* **WHAT IS REQUIRED**
Starting with the line that holds "plast, nastavitelný, barva", repeat each line through the last one below, exactly. Pictures stay out.

+++ SUPPLIED INFORMATION

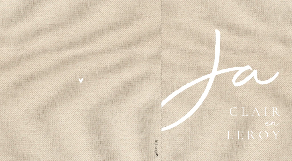 Stijlvolle trouwkaart met beige linnenlook achtergrond. In witte letters staat groot 'Ja'. De namen van het bruidspaar worden gedrukt in mat goudfolie. Bijzonder aan deze kaart is dat de voorzijde verkort is waardoor je de buitenrand van de binnenzijde van de kaart ziet. Zet hier jullie trouwdatum neer.
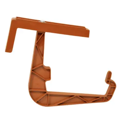 plast, nastavitelný, barva terakota, vhodný pro truhlík do šířky 13 cm, zábradlí do 12,5 cm, miska pod truhlou max. rozměry - výška 3 cm, šířka nahoře 15 cm, dole 14 cm (vhodné misky z naší nabídky s kódy 36815517 až 36815524).
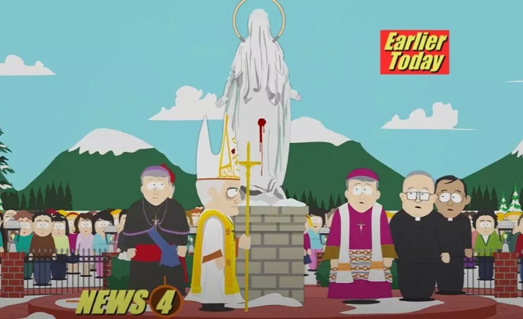“The Poor Kid,” S15, E14 South Park citizens watch the news, which shows the Pope visiting the statue at St. Mary of the Rockies. YouTube

++++++

* **FINISHED TASK**
 plast, nastavitelný, barva terakota, vhodný pro truhlík do šířky 13 cm, zábradlí do 12,5 cm, miska pod truhlou max. rozměry - výška 3 cm, šířka nahoře 15 cm, dole 14 cm (vhodné misky z naší nabídky s kódy 36815517 až 36815524).
“The Poor Kid,” S15, E14 South Park citizens watch the news, which shows the Pope visiting the statue at St. Mary of the Rockies. YouTube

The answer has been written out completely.